(Material provided)
────────────────────
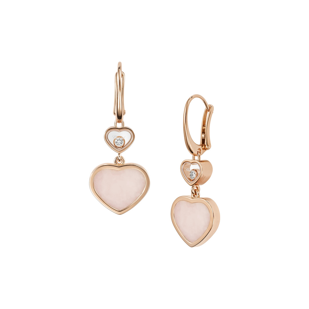 تُعرف دار شوبارد Chopard، بأنها تقدم مجوهرات تعكس قيم السخاء والطيبة التي تقوم عليها فلسفتها منذ تأسيسها. وفي انسجام تام بين رمز القلب الذي يُجسد الحظ السعيد وأحجار الألماس الراقصة الشهيرة للدار، تأتي مجموعة Happy Hearts لتوحد النساء ذوات القلوب الكبيرة حول العالم. وقد رُصعت هذه الأقراط المصنوعة من الذهب الوردي بأحجار من الأوبال الوردي، وأُضيف إلى كل منها حجر ألماس صغير متراقص لزيادة جرعة المرح.
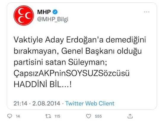MHP resmi Twitter hesabından yapılan paylaşımda, Süleyman Soylu için ”partisini satan” ve ”soysuz” gibi sözlerin kullanıldığı görüldü…
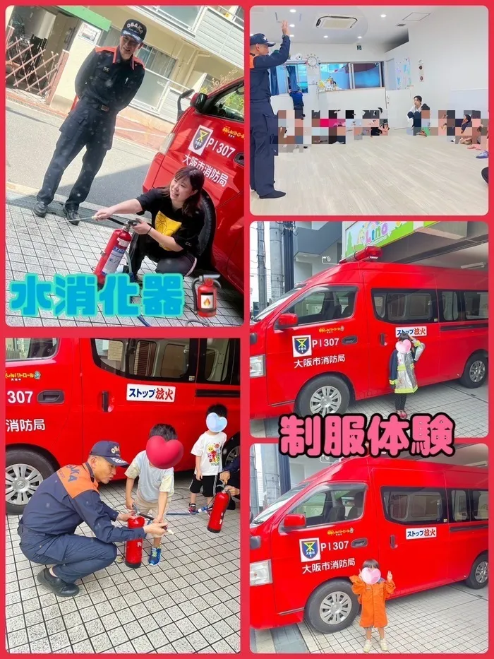 14時からは鶴見消防署の職員さんがきてくれて、火事の際の避難の方法だったり、消化器(水消化器)の使い方も教えてくれたみたいです✨
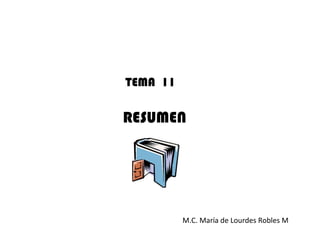 Este documento ofrece instrucciones sobre cómo escribir un resumen. Señala que un resumen debe contener la información fundamental del artículo en 3 oraciones o menos, sin incluir citas ni referencias a otros elementos. Debe permitir entender el artículo sin necesidad de consultar el texto original, recapitulando brevemente la introducción, objetivos, métodos, resultados, discusión y conclusiones del documento original.
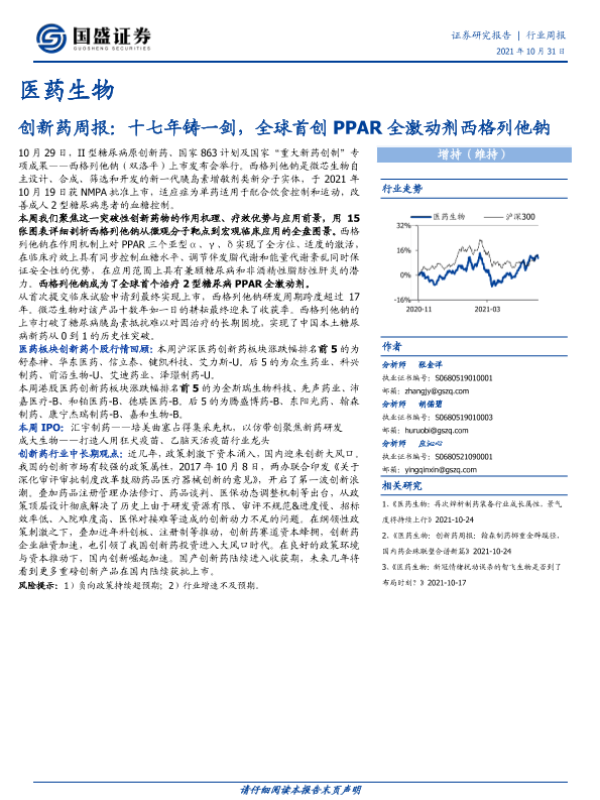 【国盛证券】【20211031】医药生物创新药周报:十七年铸一剑,全球首创PPAR全激动剂西格列他钠-29页 行业研究
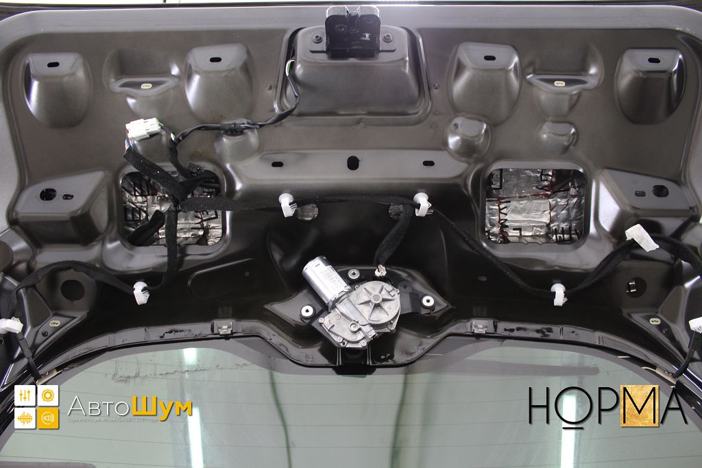 Обшивку пятой двери оклеиваем Flex А15, для устранения ненужных скрипов и бряков.
────────────────────
(Exercise aim) Starting with the line that contains "14時からは鶴見消防署の職員", reproduce every line down to the end of the listing above, both endpoints included. Pictures stay out.

(Task output)
 14時からは鶴見消防署の職員さんがきてくれて、火事の際の避難の方法だったり、消化器(水消化器)の使い方も教えてくれたみたいです✨
 Este documento ofrece instrucciones sobre cómo escribir un resumen. Señala que un resumen debe contener la información fundamental del artículo en 3 oraciones o menos, sin incluir citas ni referencias a otros elementos. Debe permitir entender el artículo sin necesidad de consultar el texto original, recapitulando brevemente la introducción, objetivos, métodos, resultados, discusión y conclusiones del documento original.
 【国盛证券】【20211031】医药生物创新药周报:十七年铸一剑,全球首创PPAR全激动剂西格列他钠-29页 行业研究
 Обшивку пятой двери оклеиваем Flex А15, для устранения ненужных скрипов и бряков.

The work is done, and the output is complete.